« Droit à l’oubli » : victoire emblématique d’une chirurgienne néerlandaise
« Droit à l’oubli » : victoire emblématique d’une chirurgienne néerlandaise
Une chirurgienne qui avait été sanctionnée par l’Ordre des médecins a obtenu d’un tribunal le déréférencement de pages la concernant.
Les bureaux de Google à New York, le 18 janvier. / MIKE SEGAR / REUTERS
Une chirurgienne néerlandaise a, finalement, obtenu d’un tribunal qu’il contraigne Google à supprimer certaines pages de ses résultats de recherche lorsque l’on tape le nom de cette médecin, selon le Guardian, lundi 21 janvier.
Cette décision intervient après plusieurs procédures, qui illustrent toute la complexité du « droit à l’oubli ». La chirurgienne avait, en effet, été suspendue par l’Ordre des médecins des Pays-Bas pour des soins inappropriés apportés à un patient après une opération. Elle avait fait appel de cette décision, avait obtenu gain de cause et avait donc conservé son droit d’exercer la médecine avec une période de sursis. Mais son nom continuait de figurer sur un site non officiel qui compile une « liste noire » de médecins néerlandais, et qui apparaît parmi les premiers résultats lorsque l’on tape son nom sur Google.
Comme le prévoit le droit européen, la chirurgienne avait alors fait une demande de déréférencement auprès du moteur de recherche ; depuis 2014, tout ressortissant de l’Union peut demander, sous certaines conditions, que des pages le concernant soient exclues des résultats de recherche, plus particulièrement lorsque les informations qui y figurent sont diffamatoires, périmées ou révèlent des informations personnelles.
Google avait estimé que les informations contenues sur la page étaient d’intérêt public, d’autant plus que la période de sursis était encore en cours. Le régulateur de la vie privée des Pays-Bas, compétent pour les recours, était parvenu à la même conclusion. La chirurgienne avait alors porté plainte pour faire valoir son dossier.
Intérêt personnel et intérêt public
Dans sa décision, prise en 2018 mais rendue publique la semaine dernière seulement, le tribunal comprenait l’intérêt légitime de la médecin à ce que « son nom ne soit pas instantanément associé à une liste noire de docteurs à chaque fois que son nom [était] tapé dans Google », et que cet intérêt était « supérieur à l’intérêt du public de pouvoir découvrir cette information de cette manière ». La liste noire reste accessible dans Google ; seul son affichage lorsque l’on tape le nom de la chirurgienne sera bloqué.
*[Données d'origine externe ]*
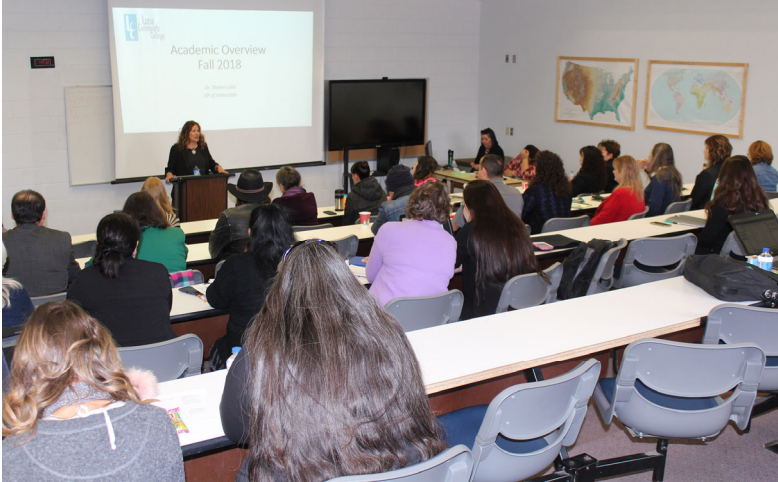
Luna Community College faculty took part in an in-service the week of Dec. 10. They met on course learning outcomes assessment, academic organization, Higher Learning Commission criteria 3 and 4, general core certification process, disability forms and procedures, assessment, tutoring and campus life.
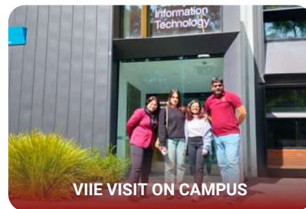
VIIE VISIT ON CAMPUS
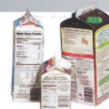
Wax-Coated Paper Drink Containers Recipientes de Papel Encerado para Bebidas
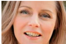
300mm (equivalent to 465mm)
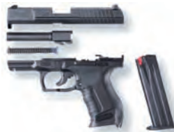
5.1.1. Fig. 4
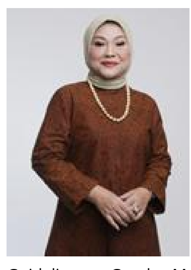
Foreword by H.E IDA FAUZIYAH

Minister of Manpower of the Republic of Indonesia, Chair of ASEAN Labour Ministers Meeting 2020-2022
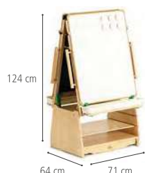
Low art island, 71 cm wide H500 For ages 2–5 Includes 2 white/chalkboards and 6 magnets
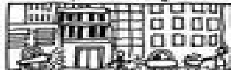
The city has a rhythm.
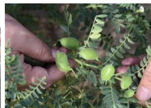
Chickpea: an alternative crop for r...
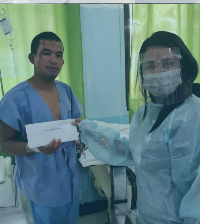
Another injured member recipient of AFPMBAI's financial aid for the crash survivors
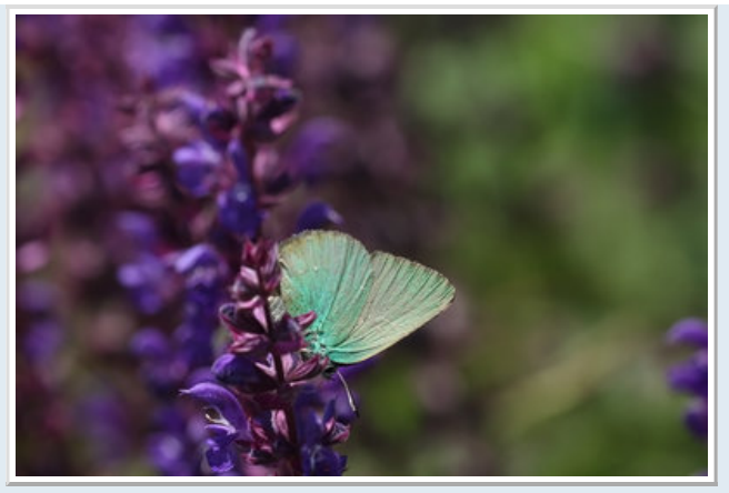
Green Hairstreak - Callophrys rubi
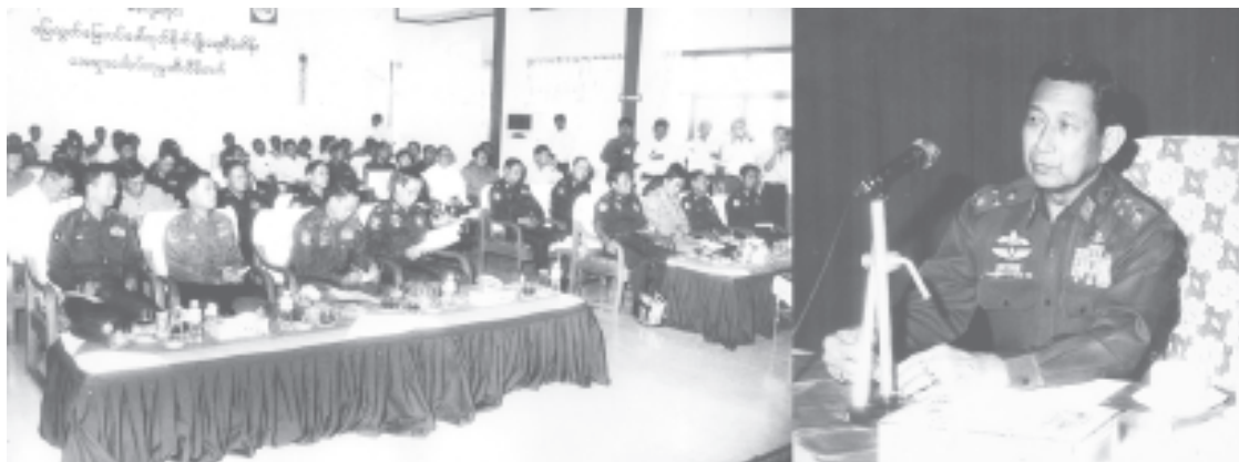
Vice-Senior General Maung Aye meets with officials at the briefing hall of Asia World Co Ltd in Salin Township, Magway Division.

Afterwards, they looked into Pyi Lone Kyaw agricultural project of Htoo Trading Co Ltd in Pwintbyu Township. Officials reported on permission granted by the government for land reclamation for agricultural purpose, cultivation of sesame, pigeon pea, cotton, thitseint (belleric myrobalan), mango, plum and thanakkha (limonia acidissima), and arrangements for irrigation of the plantations. Officials of Dagon International Ltd reported on conditions of land reclaimed in Chaungzon region, Yappokgyi, Pwintbyu

Cette décision a entraîné d’autres demandes de la part de médecins. « Il y a un comité de discipline [de l’Ordre des médecins], mais c’est Google qui a été le juge jusqu’à présent. Pourquoi sont-ils dans cette position ? », a commenté l’avocat de la chirurgienne, interrogé par le Guardian.
Depuis 2014, le champ d’application exact du « droit au déréférencement », souvent appelé « droit à l’oubli », a fait l’objet de vifs débats. Un long contentieux oppose notamment la CNIL, le gendarme de la vie privée français, à Google. La CNIL demande à ce que les résultats soient purgés au niveau mondial, dans toutes les déclinaisons locales du moteur de recherche ; Google considère que le droit européen ne lui impose de le faire que sur la version nationale du moteur (google.fr en France, par exemple). L’avocat de la Cour de justice de l’Union européenne a rendu, ce 10 janvier, ses conclusions, plutôt favorables à Google, sur ce point, en attendant une décision finale.